Freedom To Tell Our Story

 

Freedom HMD

 

 

 

‘Fragility of Freedom ‘is a unique and powerful art installation designed to promote the message that freedom is important for everyone - and how this freedom can be taken away at any point.

This year, the special schools in Tameside along with The Lakes Care Centre Dukinfield with support from Tameside. Cultural service part of Tameside Council have initiated a project to commemorate the Holocaust (1933 to 1945) when millions were killed because of their perceived racial or biological differences. The installation is to be unveiled the day before Holocaust Memorial Day, 26th of January 2024 at Thomas Ashton School to mark this special commemoration.

Through their work on the installation, the children will have seen how, even in times when so many were forced to live under Nazi occupation, there were still good people prepared to risk everything to help those in need, and still people fighting for their freedom.

The Special Educational Needs Arts hub (SEN) has created numerous pieces over the years to commemorate Holocaust Memorial Day and I hope that this art piece will make all the pupils proud of their achievements in commemorating this very sad but poignant event.

The Arts Hub came together and decided to develop Zines ( mini booklets)  across the special schools.

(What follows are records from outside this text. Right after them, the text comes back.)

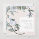 This chic design features a watercolor sprig of blue floral greenery and custom typography.
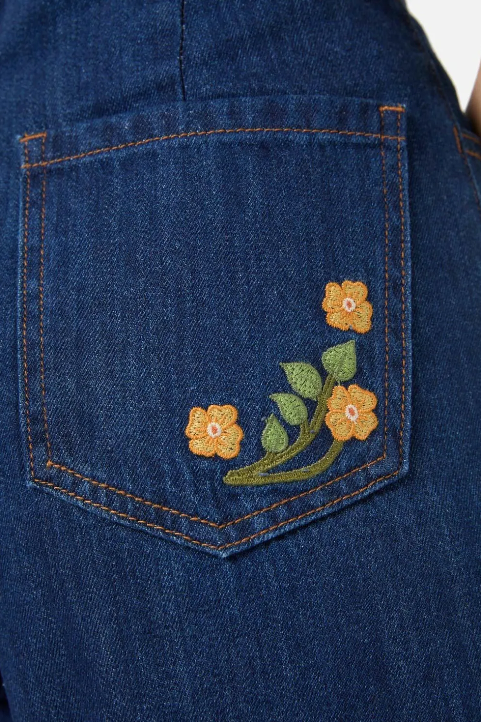 Channel your inner 70s muse with the Flower Child Embroidered Jean by Princess Highway. These high-waisted denim jeans feature retro floral embroidery trailing down the leg—bringing serious flower power vibes to your everyday look.
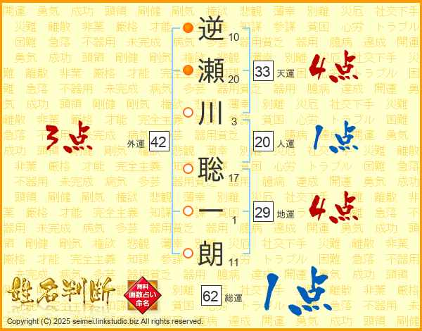 逆(10画)瀬(20画)川(3画) 聡(17画)一(1画)朗(11画)
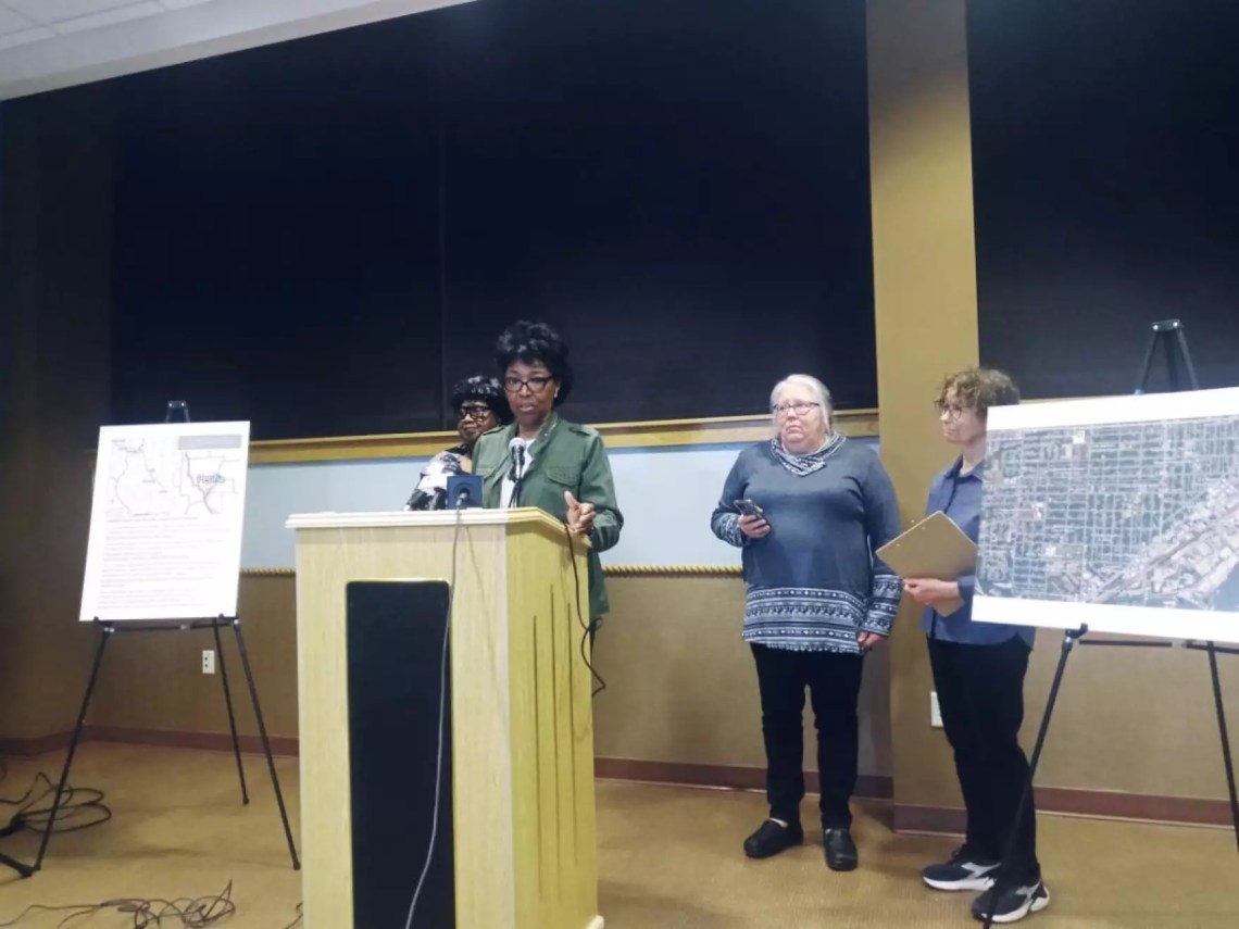 1st District Peoria City Council member Denise Jackson, at podium, speaks about her concerns with the proposed Wolf/ADM carbon capture pipeline during a March 30 news conference at the Peoria Public Library Lincoln Branch.
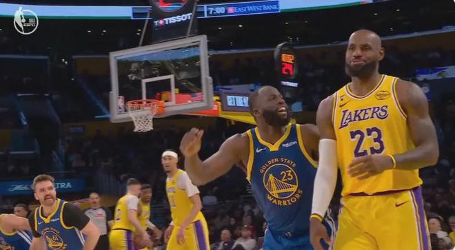勇士上半場11次助攻8次失誤,兩隊“助攻失誤比”都接近1比1。湖人兩大核心詹姆斯和里夫斯手感冰涼,詹姆斯8中2得到7+6+4,里夫斯5中1得到3+4+7。上半場最后一攻,斯潘塞迎著詹姆斯壓哨跳投打進,庫里在場邊看嗨了。
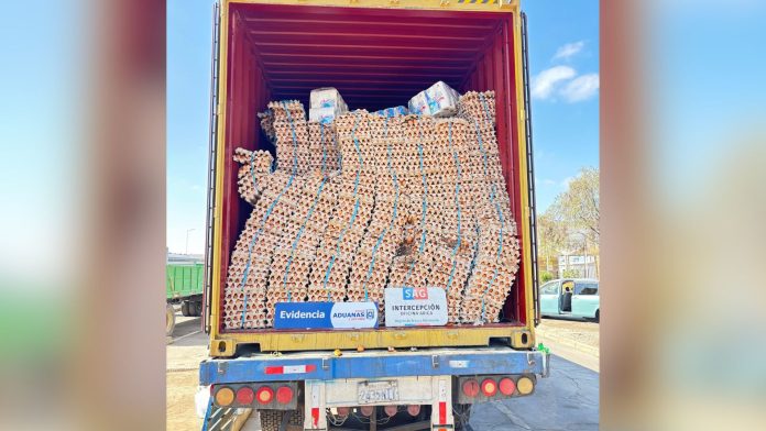 De manera conjunta, Aduanas y SAG realizaron la apertura y revisión detallada de todo el cargamento, descubriéndose el millonario contrabando: 400 mil huevos de origen boliviano, 480 cajetillas de cigarrillos marca Gift, 390 unidades de plaguicidas, 870 kilos de frutas y 240 unidades de rollos de papel higiénico.
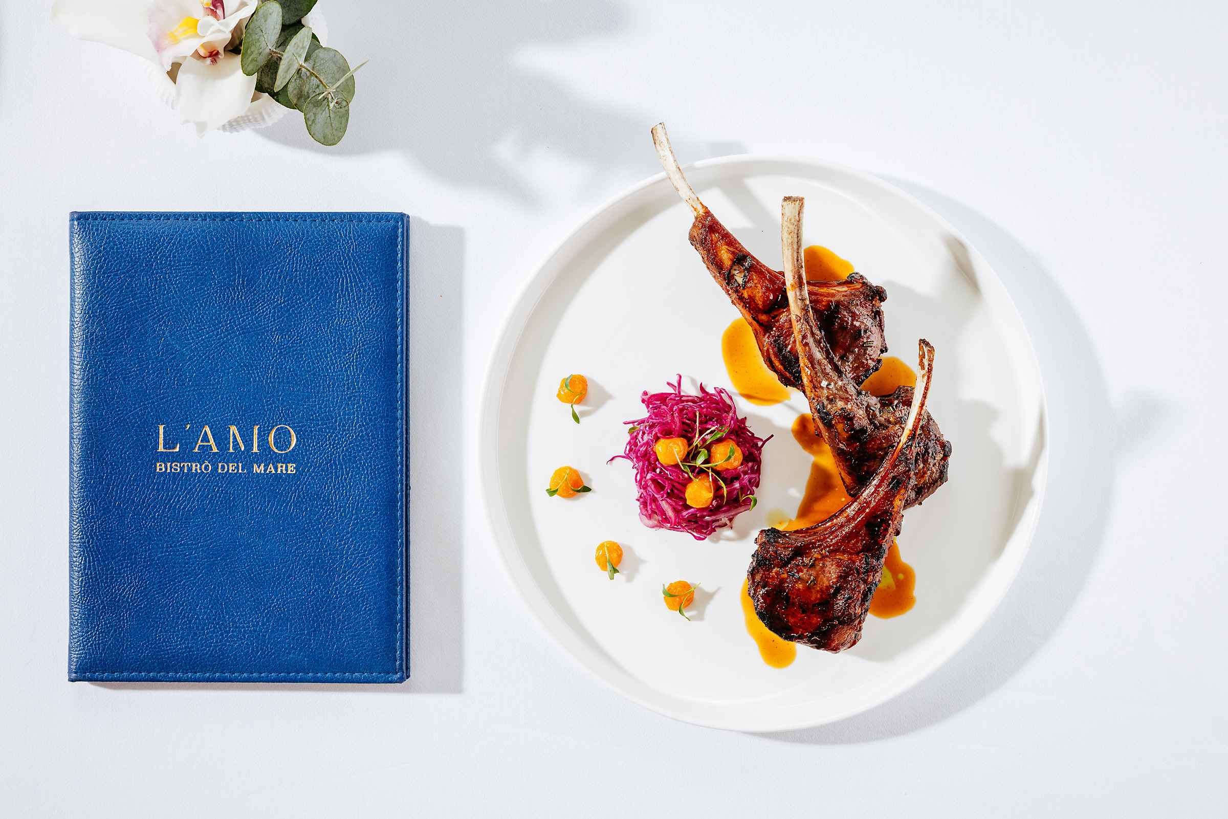 Tak hanya berfokus pada hasil laut, dapur L’Amo juga menampilkan hidangan daging unggulan seperti Costolette d’Agnello alla Brace ($86) dengan potongan domba yang direndam selama 36 jam sebelum dipanggang di Josper hingga menghasilkan aroma arang yang khas. Hidangan ini disajikan dengan kol merah, kompot jeruk mandarin, serta jus domba berkilau yang memperkuat rasa gurih dan tekstur lembut daging. Setiap hidangan di L’Amo dirancang untuk memberikan keseimbangan rasa antara kelezatan, kesegaran, dan keanggunan, merepresentasikan keahlian dan tradisi kuliner Italia dengan cara yang modern namun tetap menghormati akarnya.
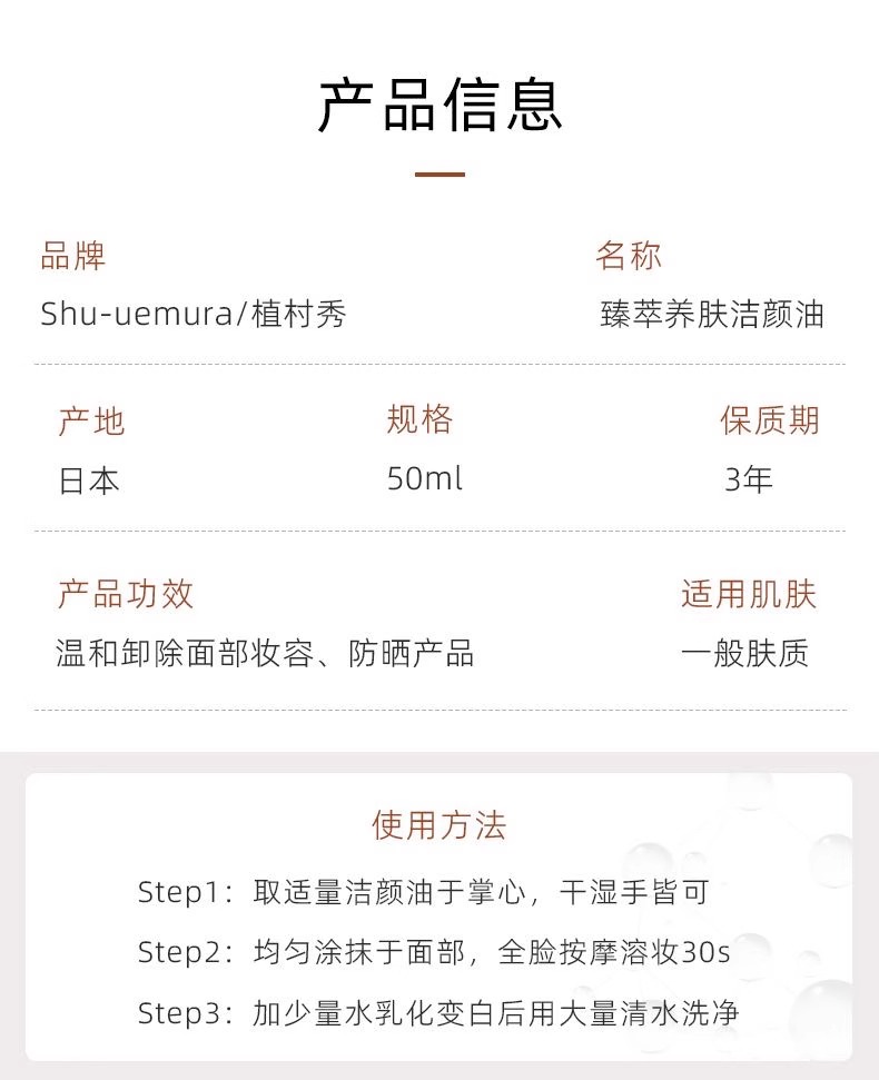 植村秀黄金琥珀臻萃洁颜油 50ml中小样 卸妆油 深层清洁 舒缓肌肤
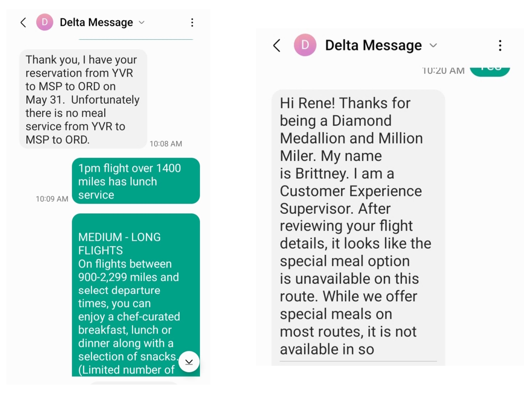 My return flight from Vancouver departing at 1:00 PM was also listed as a lunch flight. But at the 7-day mark, the Fly Delta App did not alert me to make a meal choice. I decided, even with the failure from the outbound flight, to try to message Delta.

Each School was given a number of zines of a particular colour, one for each child involved.

Each school embraced a different approach to the project, they each considered the atrocities of the Holocaust and established a creative response, and another looked at what it is like to be free.

The zines themselves tell a story. We discussed that freedom can mean different things to different people. What is clear is that in every genocide that has taken place, those who are targeted for persecution have had their freedom restricted, and in some cases completely removed before many of them were murdered.

Our Tameside, Special Educational Needs. Arts hub also worked with a wonderful Storyteller and creator Adam Blake. Each school had the opportunity for Adam to work with their pupils in creating a story/fairy-tale linked to the importance of freedom. This created a basis for the creation of the zines.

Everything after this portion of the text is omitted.